**Dataset records:**
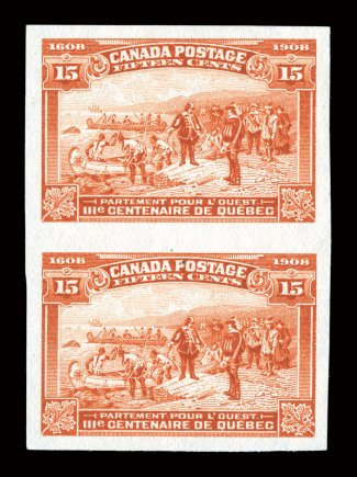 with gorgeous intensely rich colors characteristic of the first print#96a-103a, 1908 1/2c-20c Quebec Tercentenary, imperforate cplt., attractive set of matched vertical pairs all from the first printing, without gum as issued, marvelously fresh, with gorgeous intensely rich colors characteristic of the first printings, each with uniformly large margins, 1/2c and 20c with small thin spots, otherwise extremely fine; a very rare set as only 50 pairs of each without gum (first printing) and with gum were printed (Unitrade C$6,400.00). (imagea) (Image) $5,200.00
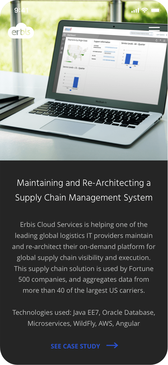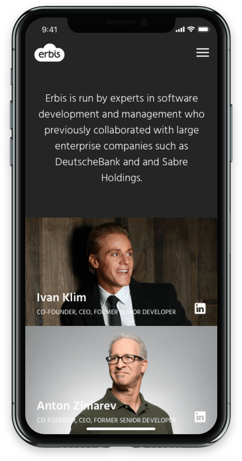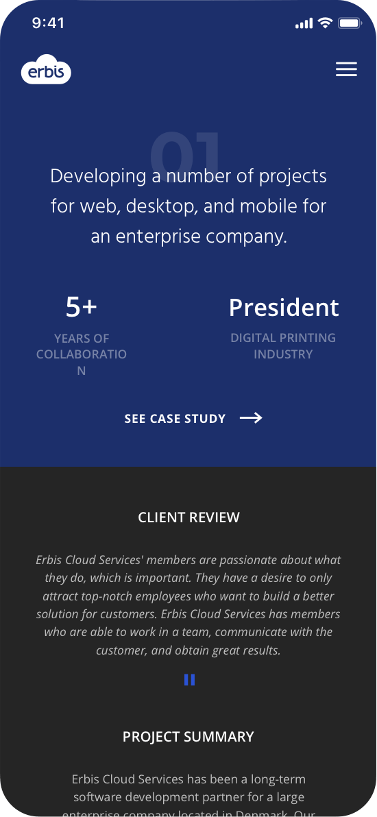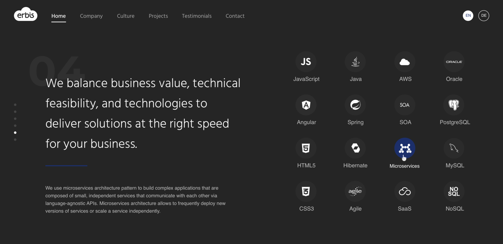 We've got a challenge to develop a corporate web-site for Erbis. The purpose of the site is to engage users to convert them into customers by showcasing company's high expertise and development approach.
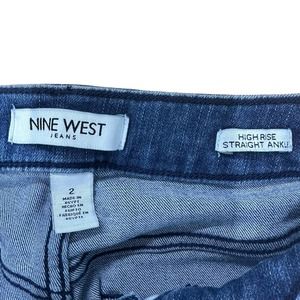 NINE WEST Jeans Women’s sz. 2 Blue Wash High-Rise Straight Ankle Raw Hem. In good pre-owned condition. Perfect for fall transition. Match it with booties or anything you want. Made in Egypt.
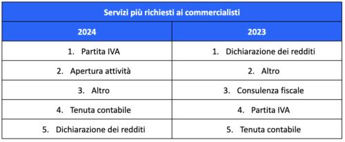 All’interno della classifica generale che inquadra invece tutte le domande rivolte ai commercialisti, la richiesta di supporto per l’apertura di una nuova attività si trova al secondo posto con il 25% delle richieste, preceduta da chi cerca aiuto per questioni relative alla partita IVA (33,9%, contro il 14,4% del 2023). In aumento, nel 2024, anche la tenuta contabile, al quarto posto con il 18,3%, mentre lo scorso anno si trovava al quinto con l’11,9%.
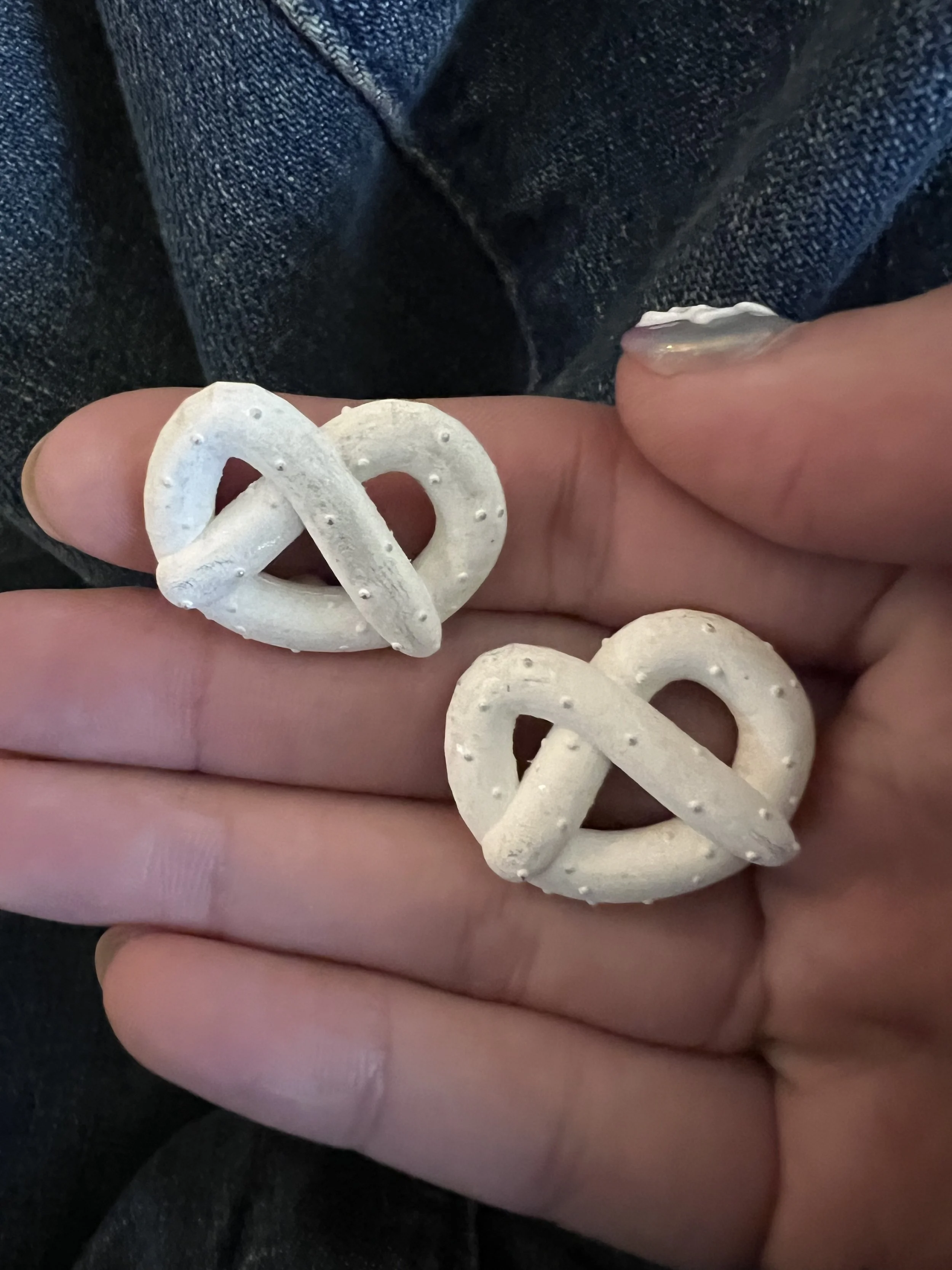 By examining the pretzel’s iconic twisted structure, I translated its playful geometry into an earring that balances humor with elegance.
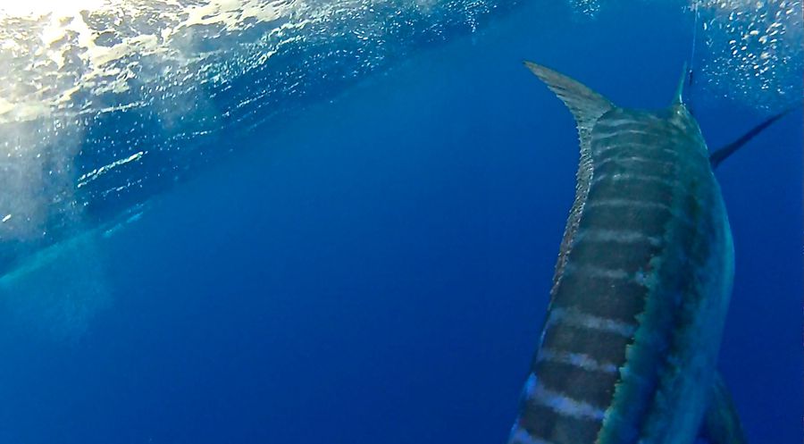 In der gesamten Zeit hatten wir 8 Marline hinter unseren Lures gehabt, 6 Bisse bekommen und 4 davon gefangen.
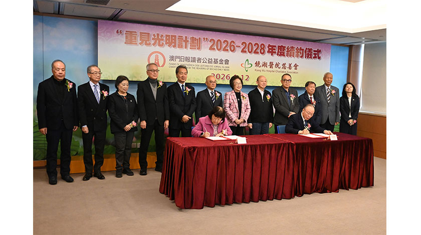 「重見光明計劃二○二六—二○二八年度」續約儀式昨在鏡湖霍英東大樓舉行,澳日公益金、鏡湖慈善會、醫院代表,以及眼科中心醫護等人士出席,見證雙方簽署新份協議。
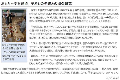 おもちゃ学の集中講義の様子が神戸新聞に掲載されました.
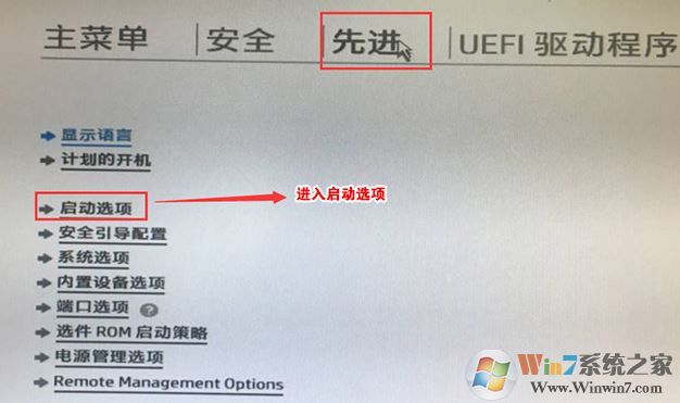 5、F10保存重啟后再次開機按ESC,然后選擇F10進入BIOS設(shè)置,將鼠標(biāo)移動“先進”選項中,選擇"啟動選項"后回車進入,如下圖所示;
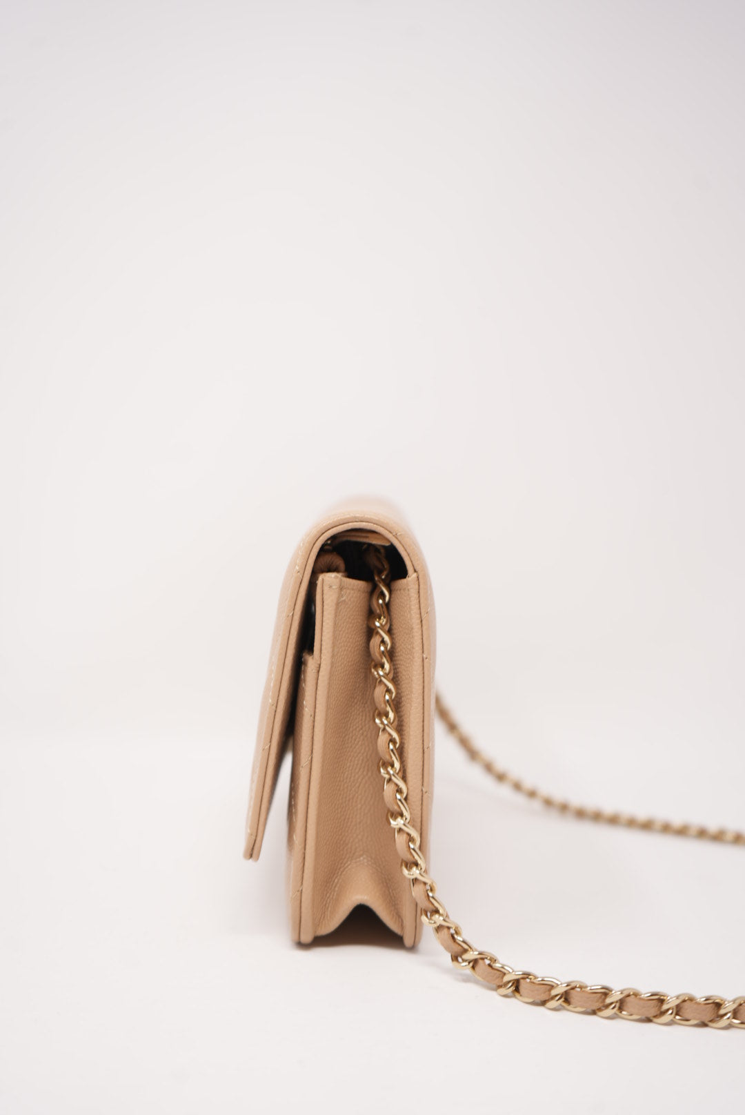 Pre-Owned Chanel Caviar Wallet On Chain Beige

**TASK TO COMPLETE:** To answer, repeat exactly the lines from the line containing "5、F10保存重啟后再次開機" through the last line of the data above, leaving out all pictures.

**WORKED SOLUTION:**
 5、F10保存重啟后再次開機按ESC,然后選擇F10進入BIOS設(shè)置,將鼠標(biāo)移動“先進”選項中,選擇"啟動選項"后回車進入,如下圖所示;
 Pre-Owned Chanel Caviar Wallet On Chain Beige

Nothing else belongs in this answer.